Work required:
Look for the line containing "The Swarovski Elements" and the line containing "Je vyrobená z" in the entries below. Copy those two and all lines between them exactly, leaving out pictures.

Supplied entries:

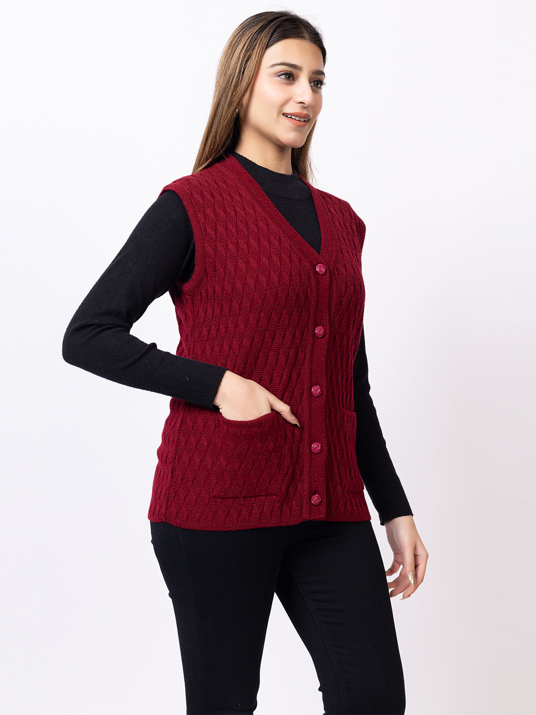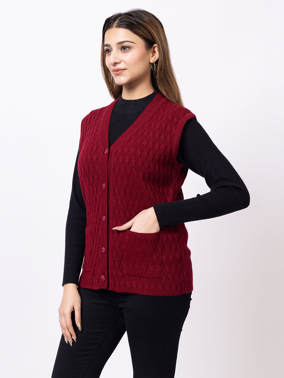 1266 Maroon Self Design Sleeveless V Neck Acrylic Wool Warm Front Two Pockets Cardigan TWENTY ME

---

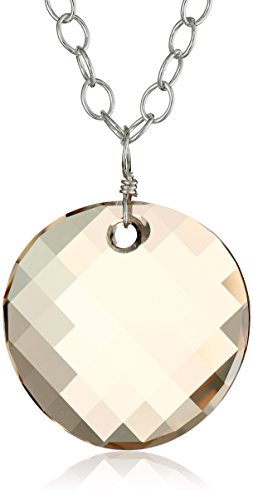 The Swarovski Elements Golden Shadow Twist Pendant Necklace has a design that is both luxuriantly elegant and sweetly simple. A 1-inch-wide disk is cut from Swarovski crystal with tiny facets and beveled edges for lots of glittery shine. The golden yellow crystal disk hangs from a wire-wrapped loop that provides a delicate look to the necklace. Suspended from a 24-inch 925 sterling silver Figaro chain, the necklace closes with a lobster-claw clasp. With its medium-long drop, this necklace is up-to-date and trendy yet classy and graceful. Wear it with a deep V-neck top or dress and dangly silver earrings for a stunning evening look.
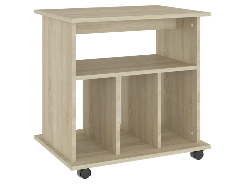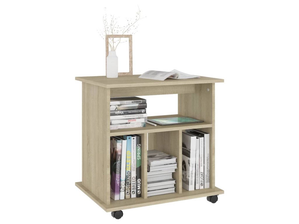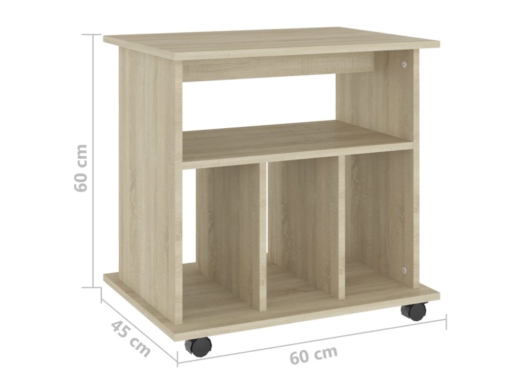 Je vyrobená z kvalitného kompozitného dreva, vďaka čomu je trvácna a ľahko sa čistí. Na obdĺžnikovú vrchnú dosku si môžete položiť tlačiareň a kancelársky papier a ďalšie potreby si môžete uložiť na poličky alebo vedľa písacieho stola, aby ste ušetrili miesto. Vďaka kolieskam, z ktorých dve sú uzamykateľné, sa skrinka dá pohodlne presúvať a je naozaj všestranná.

* * *

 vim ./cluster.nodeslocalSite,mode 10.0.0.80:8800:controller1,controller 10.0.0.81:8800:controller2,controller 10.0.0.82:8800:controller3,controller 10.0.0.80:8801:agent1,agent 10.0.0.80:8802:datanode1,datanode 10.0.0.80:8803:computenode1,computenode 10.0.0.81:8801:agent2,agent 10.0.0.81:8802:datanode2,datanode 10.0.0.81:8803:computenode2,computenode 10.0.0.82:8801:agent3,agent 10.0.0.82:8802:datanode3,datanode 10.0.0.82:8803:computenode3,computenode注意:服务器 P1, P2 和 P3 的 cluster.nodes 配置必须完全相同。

Output for this task:
 The Swarovski Elements Golden Shadow Twist Pendant Necklace has a design that is both luxuriantly elegant and sweetly simple. A 1-inch-wide disk is cut from Swarovski crystal with tiny facets and beveled edges for lots of glittery shine. The golden yellow crystal disk hangs from a wire-wrapped loop that provides a delicate look to the necklace. Suspended from a 24-inch 925 sterling silver Figaro chain, the necklace closes with a lobster-claw clasp. With its medium-long drop, this necklace is up-to-date and trendy yet classy and graceful. Wear it with a deep V-neck top or dress and dangly silver earrings for a stunning evening look.
 Je vyrobená z kvalitného kompozitného dreva, vďaka čomu je trvácna a ľahko sa čistí. Na obdĺžnikovú vrchnú dosku si môžete položiť tlačiareň a kancelársky papier a ďalšie potreby si môžete uložiť na poličky alebo vedľa písacieho stola, aby ste ušetrili miesto. Vďaka kolieskam, z ktorých dve sú uzamykateľné, sa skrinka dá pohodlne presúvať a je naozaj všestranná.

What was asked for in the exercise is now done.